Process XML, JSON and other Data Formats

1. Process XML, JSON and other Data Formats

Two important data formats for exchanging documents are XML and JSON. XML is historically the older data type, JSON we often find nowadays in communication between a server and a JavaScript application. JSON documents are also popular for configuration files.

While Java SE provides different classes for reading and writing XML documents, JSON support is only available in Java Enterprise Edition or through complementary open-source libraries. Many of the tasks in this chapter, therefore, resort to external libraries.

Description languages form a significant category of document formats. They define the structure of the data. Among the most important formats are HTML, XML, JSON, and PDF.

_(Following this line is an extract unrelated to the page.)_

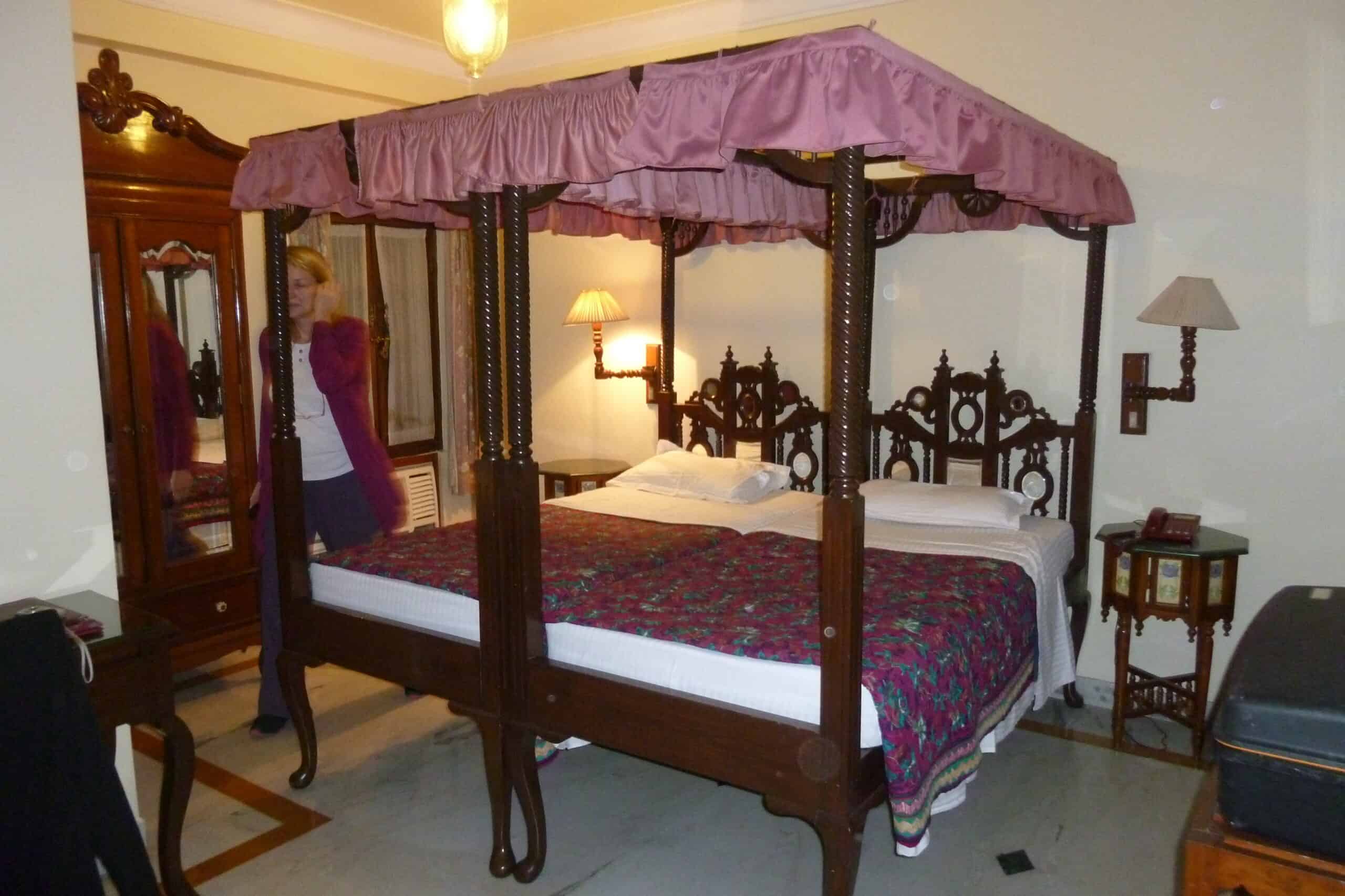 Nach 6 Stunden Fahrt kommen wir endlich in Jaipur an. Beim Anblick unseres Hotels stockt uns mal wieder fast der Atem – es ist wie aus 1001 Nacht. Aber wir sind einfach zu müde, um uns noch lange mit Staunen aufzuhalten. Das muss bis morgen warten. Und unser Nachtlager ist wirklich sehr einladend.
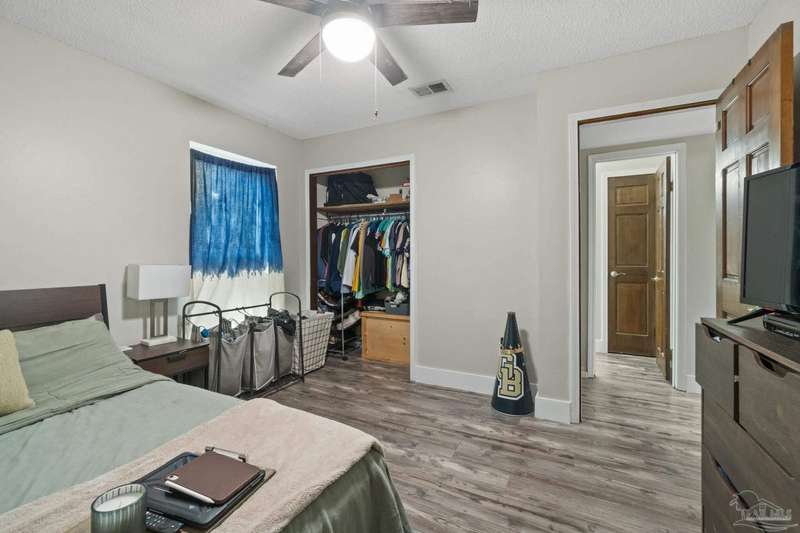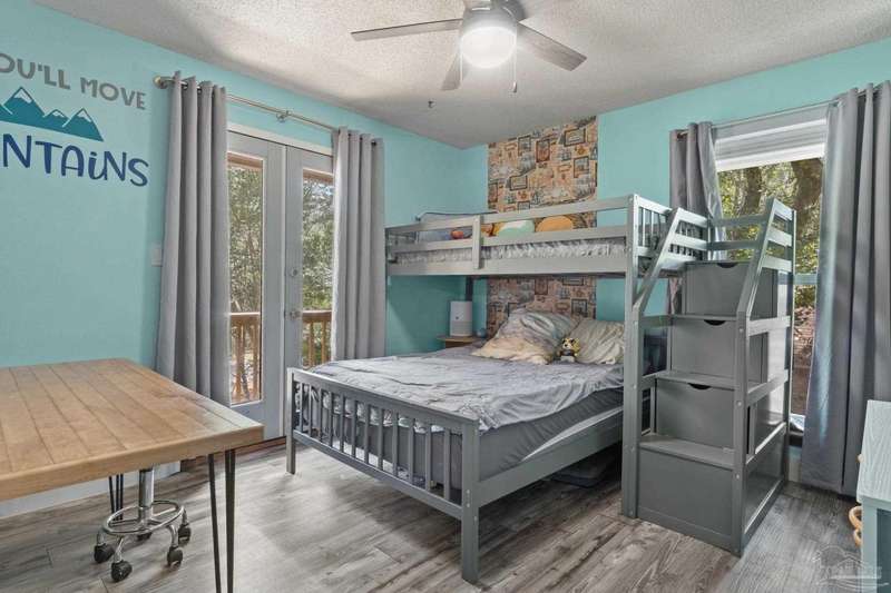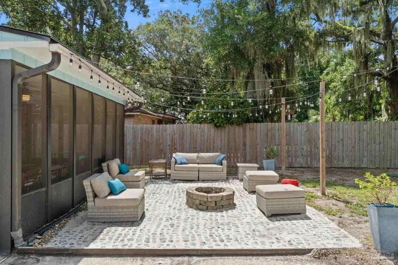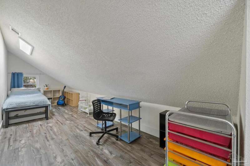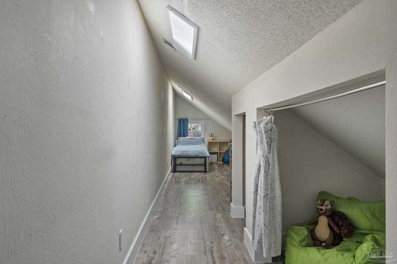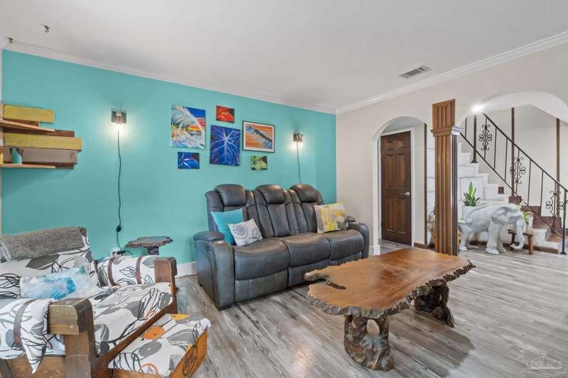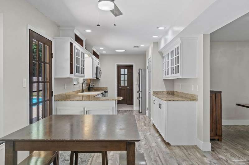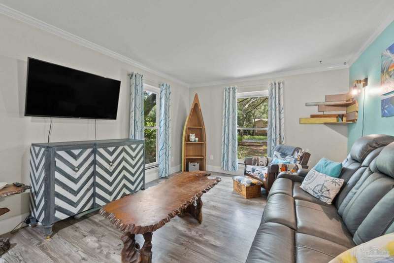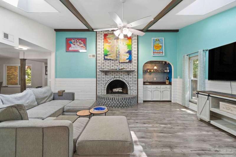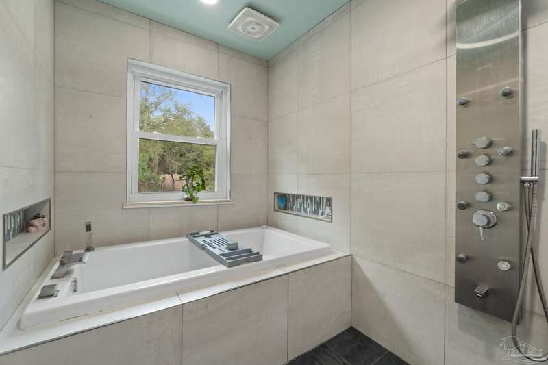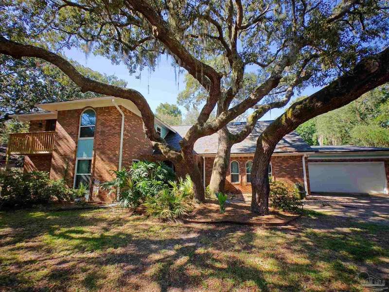 Discover charm and elegance in this 4-bedroom, 3-bathroom Gulf Breeze salt water pool home, designed for unforgettable gatherings and ask about the newly added seller concessions towards upgrades. Situated among majestic mature Live Oak trees, this home boasts a large L-shaped pool, a spacious outdoor patio, and a 20x10 screened porch for year-round enjoyment. Step inside to the light and bright living space with vaulted ceilings, skylights, a cozy fireplace, ship lap accents, and a stylish wet bar, which opens seamlessly into the eat-in kitchen featuring granite countertops, and ample cabinetry with pantry. The first floor also offers a formal dining area with a view of the courtyard entry, an additional cozy family room, a bedroom next to a full bathroom, and a private office space with exterior entry. Ascend the curved staircase to find two inviting guest bedrooms, each with access to a relaxing front balcony. The expansive primary suite, also on the second level, features a private balcony with serene views of the fenced backyard and sparkling pool, plus a luxurious newly renovated en-suite bathroom. You'll also find an additional bonus space, suitable for more storage or game room. With a new roof, impact windows, generous room sizes, abundant closet space, additional storage, and a two-car garage, this home combines practicality with sophistication. Don't miss your chance to own this entertainer's paradise in Gulf Breeze!

Java does not provide support for other data formats, except for property files and the ability to process ZIP archives. This is especially true for CSV files, PDFs, or Office documents. Fortunately, dozens of open-source libraries fill this gap, so you don’t have to program this functionality yourself.

Prerequisites

know how to add Maven dependencies
know StAX
be able to write XML documents
be able to create JAXB beans from XML schema files
be able to use object XML mapping with Jakarta XML Binding
basic understanding of Jakarta JSON libraries
be able to read ZIP archives

Data types used in this chapter:

1.1. XML processing with Java

There are different Java APIs for handling XML documents. One way is to hold complete XML objects in memory, the other solution is similar to data streams. StAX is a pull API that allows elements to be actively pulled from the data stream and also written. The processing model is optimal for large documents that do not need to be completely in memory.

JAXB provides an easy way to convert Java objects to XML and XML back to Java objects later. Using annotations or external configuration files, the mapping can be precisely controlled.

1.1.1. Write XML file with recipe ⭐

Captain CiaoCiao has so many recipes that he needs a database. He has several quotes for database management systems and wants to see if they can import all his recipes.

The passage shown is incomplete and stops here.